**WORK TO BE COMPLETED**
Exact copies of all the entries are required, and no pictures should appear in them.

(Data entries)
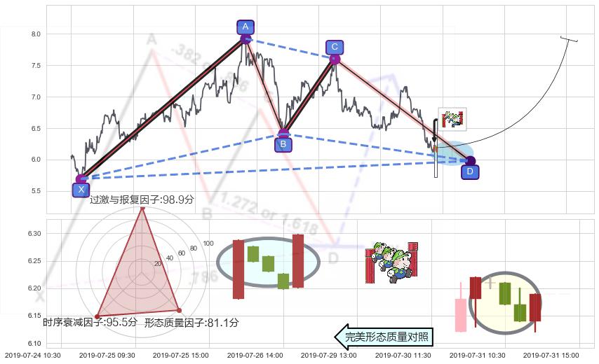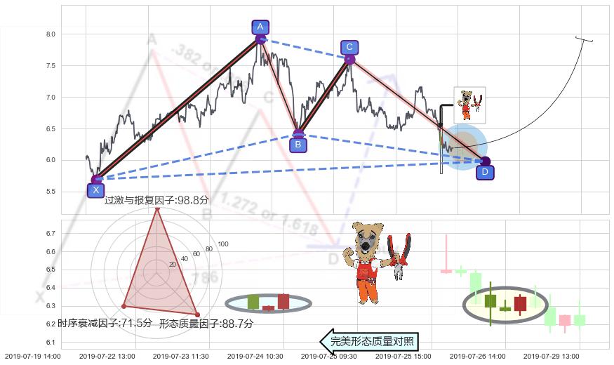 ➢ 🕰 价格走势在2019-07-30 00:00:00至2019-07-31 00:00:00期间形成底部尽头线(上山虎),残存影响值:8.26
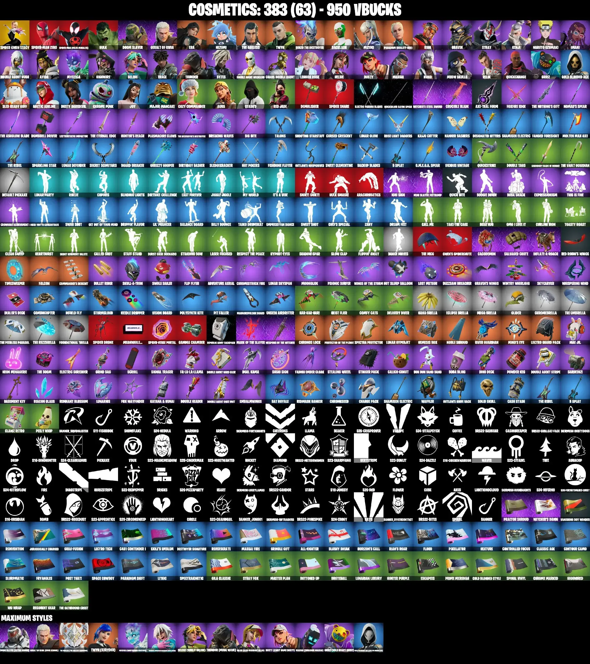 50 SKINS | BACKLASH | SPIDER-MAN MILES MORALES | SPIDER-MAN ZERO | SPIDER-GWEN STACY | NARUTO | MYSTICA MAX | HELSIE MAX | AURA | MEOW SKULLS | BYTES | CAN PLAY ON PSN,XBOX,PC,NINTENDO,MOBILE | 950 VBUCKS | FULL EMAIL ACCESS
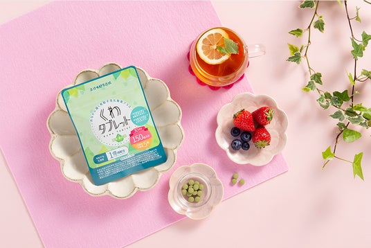 「くわタブレット」は、便通を改善する機能性表示食品です。生きて腸まで届く有胞子性乳酸菌(B.coagulans SANK70258)を配合しています。特に年末年始のごちそうを楽しむ機会が多い時期に特にぴったりの商品です。
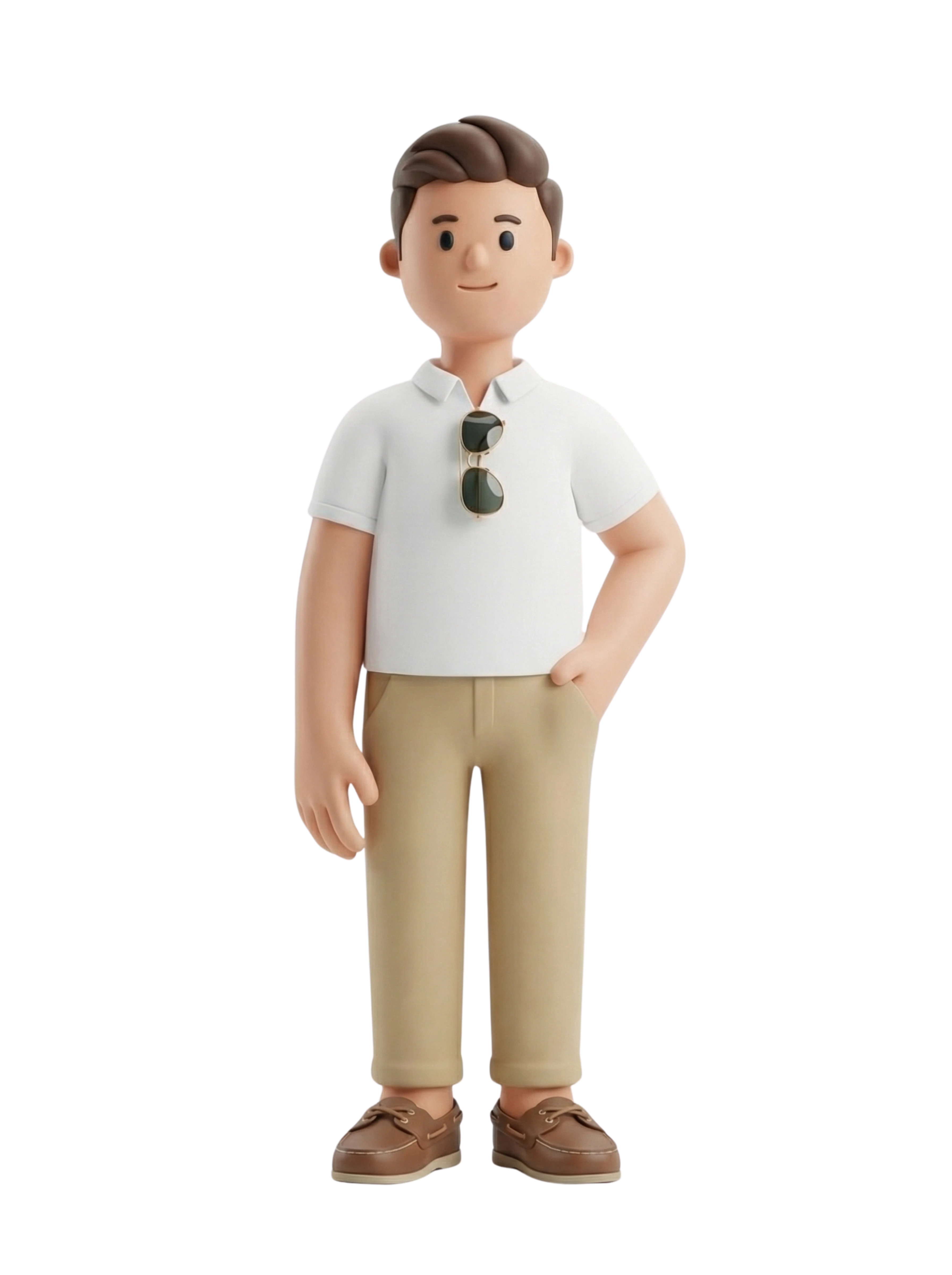 A relaxed traveler enjoying a sunny day in casual summer wear, reflecting a contemporary lifestyle filled with leisure, exploration, and modern comforts.
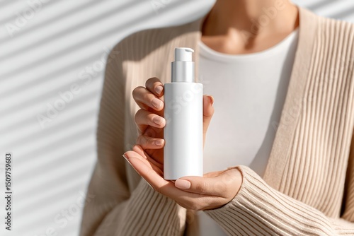 A woman is holding a bottle of lotion in her hand. The bottle is white and has a pump on top. The scene is set in a room with a window
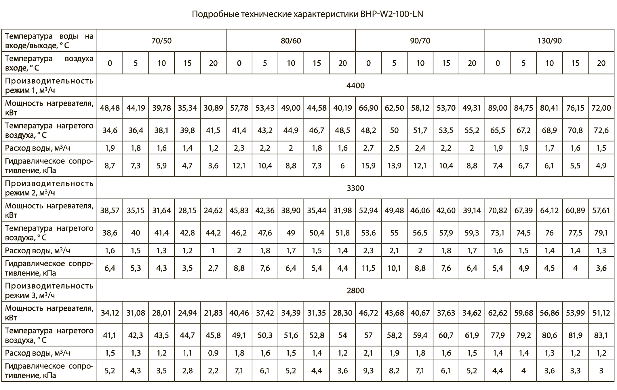 Тепловые характеристики приведены при температуре воздуха в помещении +15С и максимальном расходе воздуха.
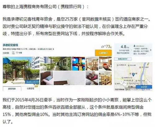 此前,一篇名為《致攜程的一封分手信》的網帖在朋友圈熱傳,便是直指攜程缺乏契約精神以及“亂漲”傭金費用,導致青年旅社提出與攜程“分手”。
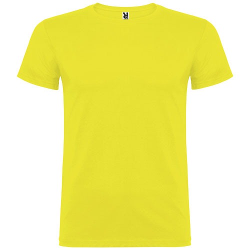 Kurzärmeliges T-Shirt mit doppellagigem Rundhalsausschnitt aus Elasthan, hergestellt aus schlauchförmigem Material für Erwachsene. Verstärkte und verdeckte Nähte am Kragen. Herausnehmbares Etikett. Das Modell ist 190 cm groß und trägt Größe L.
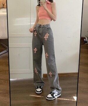 ✅クロスデザインデニム ストレートデニム カジュアル ストリート E293
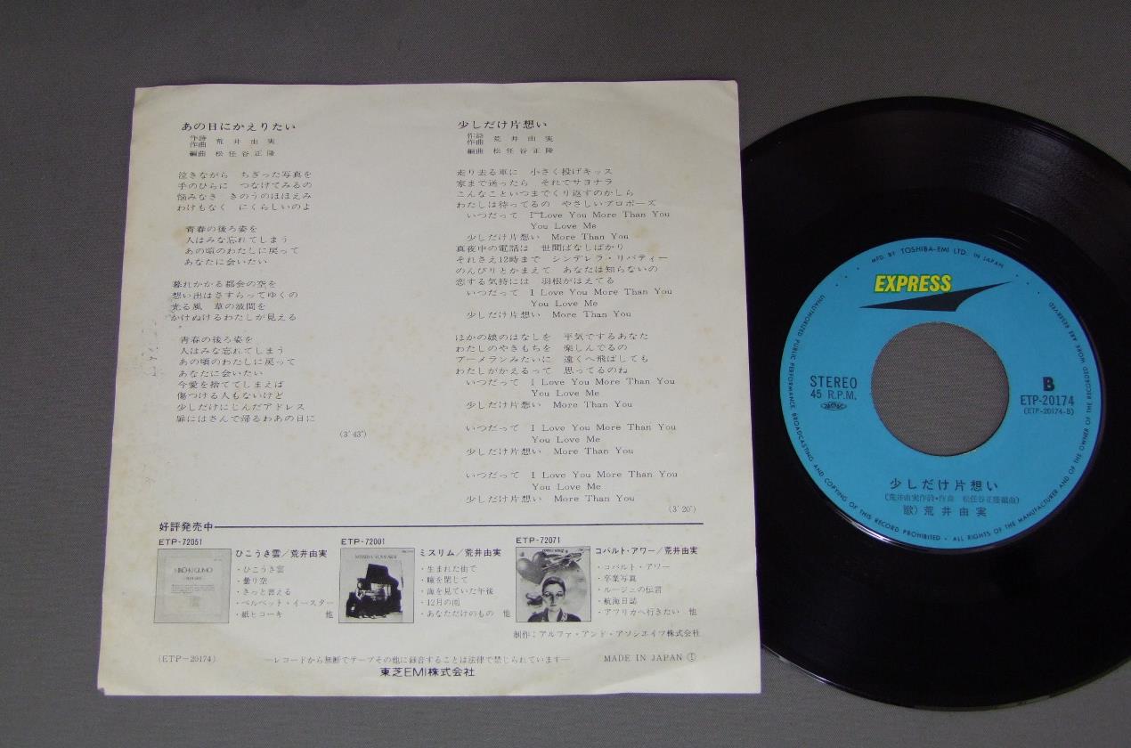 YUMI ARAI荒井由実/ドラマ「家庭の秘密」あの日にかえりたい ETP20174 製造国:日本盤 / Media:7inch外観:EX-盤の状態:EX 価格(税込):¥330(売約済) 送料 7inch:定形外郵便 360円~LP:定形外郵便 660円~送料は、注文の最終画面で確認頂けます。 > > YUMI ARAI/ 外観 (EX-)特記事項:ヨレやや有り。裏ジャケにシミ。外観EX-の共通説明:ダメージ軽度~多少。 中古品としては普通の状態。シミ、ヨゴレ、スレなど軽く~多少。 盤の状態 (EX)特記事項:薄いスリキズ・スレ少しある感じ。一見してきれいな感じです。盤EXの共通説明:盤面のスリキズが薄いものが少し~軽度 音に出そうなものは無いように見える(軽微なソフトティック音は除く)。 Tweet それぞれの画像をクリックすると、大きい写真が見られます こちらの商品もお勧めです 1,320円 JUN MAYUZUMI -TOMOKO OGAWA - CHIYO OKUMURA黛ジュン-小川知子-奥村チヨ / VOL2第二集 660円 TULIPチューリップ / MUGEN KIDO無限軌道 770円 CHIKA UEDA上田知華 / MISS HEARTミス・ハート 660円 GO NAGABUCHI長渕 剛 / GYAKURYU逆流 1,320円 TAKASHI SATO佐藤隆 / NUIT DU SAMEDI ET MATIN DU DIMANCHE土曜の夜と日曜の朝 880円 SUGIYAMA-K杉山清貴 / KONA WEATHER 880円 TWIST世良公則 &ツイスト / ファースト・アルバム 440円 MUNEYUKI SATOHさとう宗幸 / AOBAJO KOIUTA青葉城恋歌

**ANSWER TO THIS TASK**
 ➢ 🕰 价格走势在2019-07-30 00:00:00至2019-07-31 00:00:00期间形成底部尽头线(上山虎),残存影响值:8.26
 50 SKINS | BACKLASH | SPIDER-MAN MILES MORALES | SPIDER-MAN ZERO | SPIDER-GWEN STACY | NARUTO | MYSTICA MAX | HELSIE MAX | AURA | MEOW SKULLS | BYTES | CAN PLAY ON PSN,XBOX,PC,NINTENDO,MOBILE | 950 VBUCKS | FULL EMAIL ACCESS
 「くわタブレット」は、便通を改善する機能性表示食品です。生きて腸まで届く有胞子性乳酸菌(B.coagulans SANK70258)を配合しています。特に年末年始のごちそうを楽しむ機会が多い時期に特にぴったりの商品です。
 A relaxed traveler enjoying a sunny day in casual summer wear, reflecting a contemporary lifestyle filled with leisure, exploration, and modern comforts.
 A woman is holding a bottle of lotion in her hand. The bottle is white and has a pump on top. The scene is set in a room with a window
 Тепловые характеристики приведены при температуре воздуха в помещении +15С и максимальном расходе воздуха.
 此前,一篇名為《致攜程的一封分手信》的網帖在朋友圈熱傳,便是直指攜程缺乏契約精神以及“亂漲”傭金費用,導致青年旅社提出與攜程“分手”。
 Kurzärmeliges T-Shirt mit doppellagigem Rundhalsausschnitt aus Elasthan, hergestellt aus schlauchförmigem Material für Erwachsene. Verstärkte und verdeckte Nähte am Kragen. Herausnehmbares Etikett. Das Modell ist 190 cm groß und trägt Größe L.
 ✅クロスデザインデニム ストレートデニム カジュアル ストリート E293
 YUMI ARAI荒井由実/ドラマ「家庭の秘密」あの日にかえりたい ETP20174 製造国:日本盤 / Media:7inch外観:EX-盤の状態:EX 価格(税込):¥330(売約済) 送料 7inch:定形外郵便 360円~LP:定形外郵便 660円~送料は、注文の最終画面で確認頂けます。 > > YUMI ARAI/ 外観 (EX-)特記事項:ヨレやや有り。裏ジャケにシミ。外観EX-の共通説明:ダメージ軽度~多少。 中古品としては普通の状態。シミ、ヨゴレ、スレなど軽く~多少。 盤の状態 (EX)特記事項:薄いスリキズ・スレ少しある感じ。一見してきれいな感じです。盤EXの共通説明:盤面のスリキズが薄いものが少し~軽度 音に出そうなものは無いように見える(軽微なソフトティック音は除く)。 Tweet それぞれの画像をクリックすると、大きい写真が見られます こちらの商品もお勧めです 1,320円 JUN MAYUZUMI -TOMOKO OGAWA - CHIYO OKUMURA黛ジュン-小川知子-奥村チヨ / VOL2第二集 660円 TULIPチューリップ / MUGEN KIDO無限軌道 770円 CHIKA UEDA上田知華 / MISS HEARTミス・ハート 660円 GO NAGABUCHI長渕 剛 / GYAKURYU逆流 1,320円 TAKASHI SATO佐藤隆 / NUIT DU SAMEDI ET MATIN DU DIMANCHE土曜の夜と日曜の朝 880円 SUGIYAMA-K杉山清貴 / KONA WEATHER 880円 TWIST世良公則 &ツイスト / ファースト・アルバム 440円 MUNEYUKI SATOHさとう宗幸 / AOBAJO KOIUTA青葉城恋歌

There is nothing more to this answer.